--- TASK DATA ---

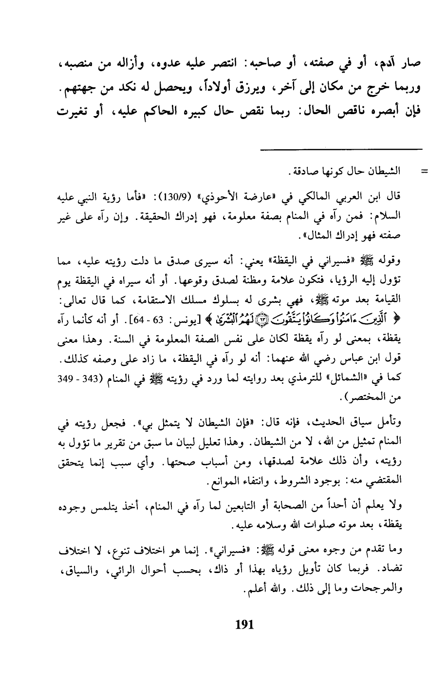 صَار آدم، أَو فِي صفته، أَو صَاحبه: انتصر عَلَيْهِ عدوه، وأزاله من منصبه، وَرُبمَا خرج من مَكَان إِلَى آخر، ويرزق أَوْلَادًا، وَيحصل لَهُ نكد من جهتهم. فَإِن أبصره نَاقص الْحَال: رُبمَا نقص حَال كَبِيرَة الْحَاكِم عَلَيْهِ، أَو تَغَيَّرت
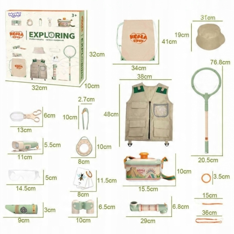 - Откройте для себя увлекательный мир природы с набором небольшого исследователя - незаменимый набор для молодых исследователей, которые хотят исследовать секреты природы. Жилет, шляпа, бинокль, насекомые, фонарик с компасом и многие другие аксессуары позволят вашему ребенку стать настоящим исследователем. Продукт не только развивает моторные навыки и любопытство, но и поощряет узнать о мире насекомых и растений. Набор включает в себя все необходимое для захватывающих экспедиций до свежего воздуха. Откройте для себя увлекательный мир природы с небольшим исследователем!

---
--- TASK DATA ---

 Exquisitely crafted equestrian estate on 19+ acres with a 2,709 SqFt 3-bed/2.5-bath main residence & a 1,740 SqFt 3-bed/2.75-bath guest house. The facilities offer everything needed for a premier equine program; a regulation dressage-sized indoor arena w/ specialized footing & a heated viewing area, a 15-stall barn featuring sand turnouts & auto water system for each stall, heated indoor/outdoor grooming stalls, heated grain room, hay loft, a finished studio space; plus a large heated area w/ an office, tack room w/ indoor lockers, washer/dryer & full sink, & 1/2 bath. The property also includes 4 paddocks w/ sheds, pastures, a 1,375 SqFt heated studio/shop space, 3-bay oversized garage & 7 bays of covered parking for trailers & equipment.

---

PROBLEM REQUIREMENTS :: Whatever pictures the records hold, omit them; give again exactly the lines from the one containing "صَار آدم، أَو" through the one containing "- Откройте для".

RESPONSE BELOW ::
 صَار آدم، أَو فِي صفته، أَو صَاحبه: انتصر عَلَيْهِ عدوه، وأزاله من منصبه، وَرُبمَا خرج من مَكَان إِلَى آخر، ويرزق أَوْلَادًا، وَيحصل لَهُ نكد من جهتهم. فَإِن أبصره نَاقص الْحَال: رُبمَا نقص حَال كَبِيرَة الْحَاكِم عَلَيْهِ، أَو تَغَيَّرت
 - Откройте для себя увлекательный мир природы с набором небольшого исследователя - незаменимый набор для молодых исследователей, которые хотят исследовать секреты природы. Жилет, шляпа, бинокль, насекомые, фонарик с компасом и многие другие аксессуары позволят вашему ребенку стать настоящим исследователем. Продукт не только развивает моторные навыки и любопытство, но и поощряет узнать о мире насекомых и растений. Набор включает в себя все необходимое для захватывающих экспедиций до свежего воздуха. Откройте для себя увлекательный мир природы с небольшим исследователем!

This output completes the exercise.